Deadbeat Gamblers Stiff Casinos

Even the rich are finagling their casino debts.

ByABC News
March 21, 2011, 1:36 PM

March 22, 2011 -- Gambler Jerome Powers is attempting what sounds like an ethnic impossibility: welshing on an Indian debt.

One night about two years ago, Powers lost $1.2 million playing blackjack at Mohegan Sun, a Connecticut casino owned by the Pequot Indians. The money he lost was in the form of a marker — a credit extended by the casino, according to court papers.

Though Powers wrote a series of checks that same night to cover the amount, none were honored by his bank. He later stopped payment on them, the documents state.

The Mohegans, understandably, were peeved. Though they have used Connecticut's courts to try to get their money back, Powers has resisted their efforts, advancing a variety of arguments in legal papers as to why he shouldn't have to repay.

First, he said he'd welshed on principle, claiming in court papers that the marker given him amounted to an illegal contract, since the State of Connecticut forbids both the extension of credit for gambling and gambling itself. He further argued that the State of Connecticut had no legal authority in the case, since the Pequots' reservation, like other Indian reservations, enjoys the status of a sovereign nation.

A judge in New London rejected these views and in January ruled that the Pequots could attach Powers' assets to the tune of $1.2 million. Powers has appealed the ruling.

At no time has he asserted that he can't pay. In fact, he seems, by every outward appearance, to be swimming in dough.

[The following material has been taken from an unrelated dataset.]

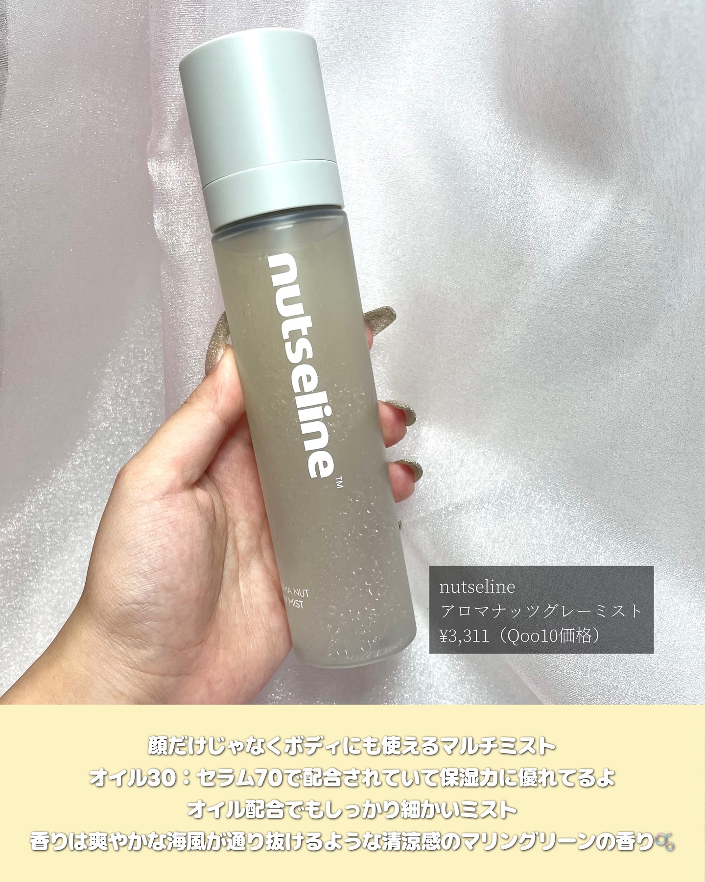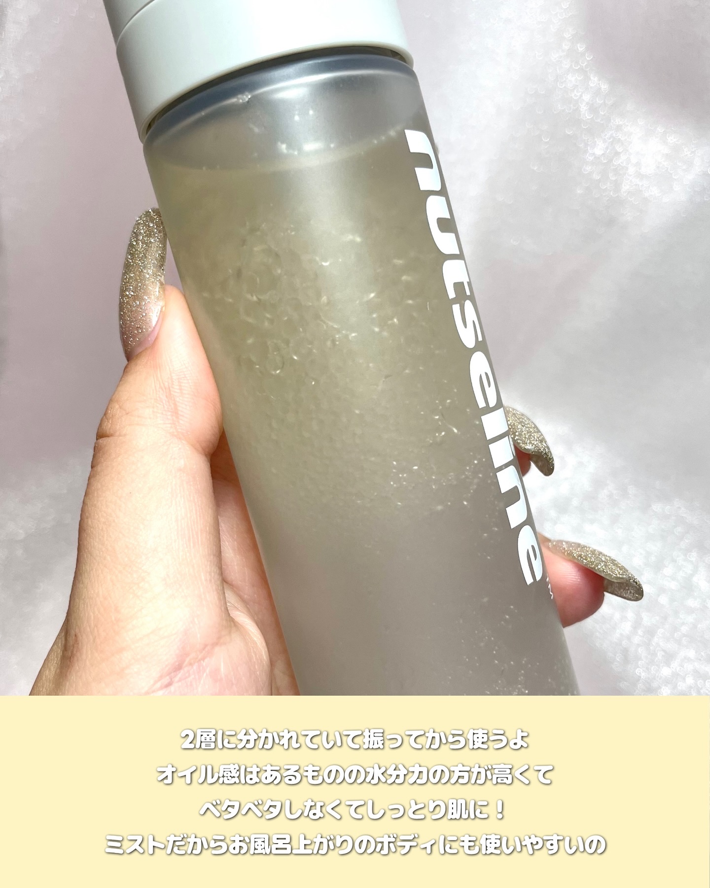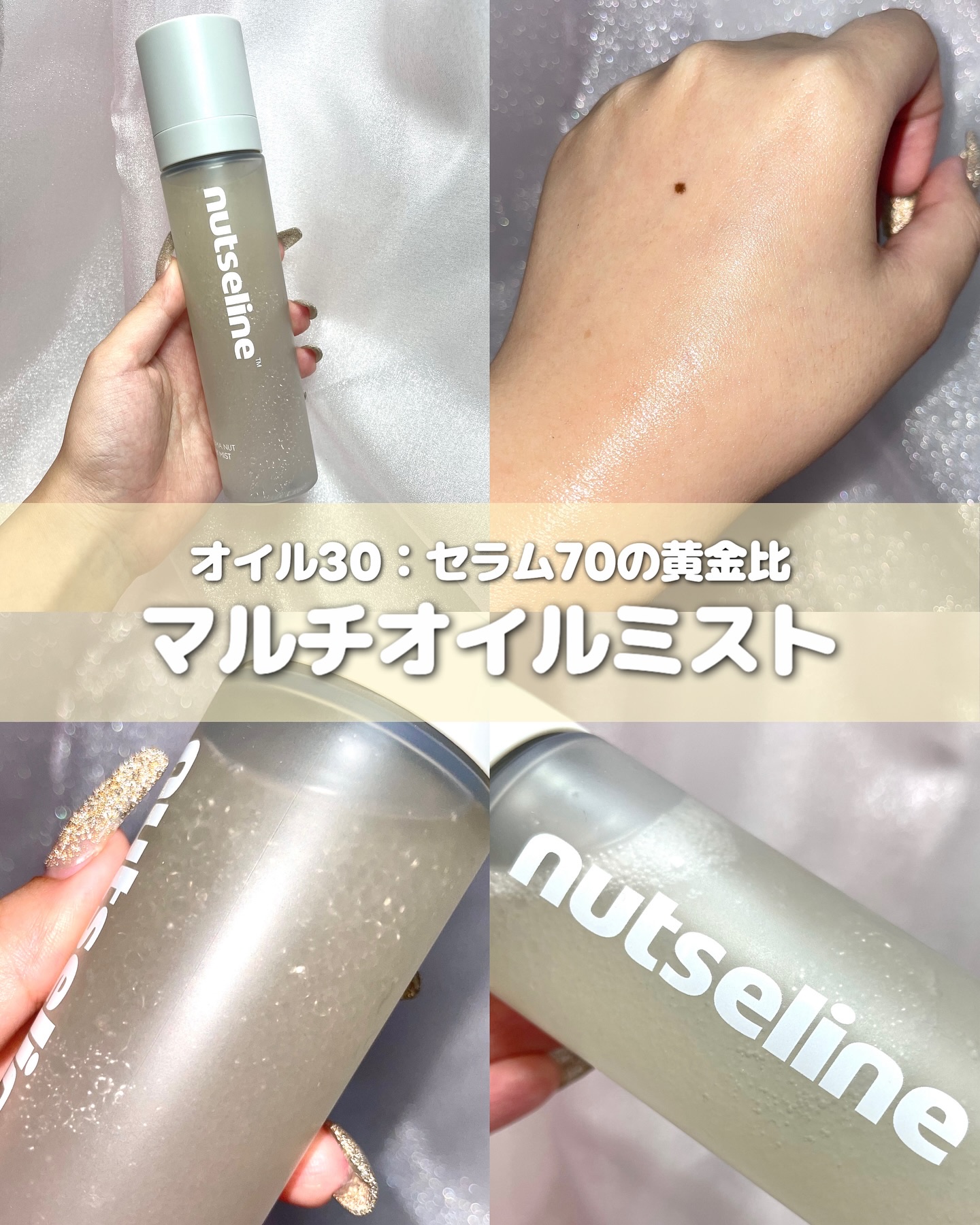 .nutselineの新作♪グレーオイルミストは、オイル30.セラム70の保湿の黄金比率で作られたミスト✨オイルinなのにムラのない霧状噴射でしっとりとした保湿感♡ボディだけじゃなく、メイク前後にも使えるんだけど、メイク前に使用するとメイクの...

He is chief executive officer and co-chairman of Plum TV, a media company launched in 2002 that, according to its website, "is the first and only 24-hour lifestyle network" exclusively to cover rich people and their doings, in such locales as Aspen, the Hamptons, Martha's Vineyard, Miami and Sun Valley.

According to a November story in the Miami Herald, Powers in late 2007 sold a magazine he had founded. Purchase price: $33 million. Earlier that same year he told the New York Post he had entered into a multi-year $20 million magazine deal with Donald Trump.

Whatever the reason for Powers' refusal to pay the Pequots, he is only one of a growing number of gamblers resorting to inventive legal means to repudiate their debts.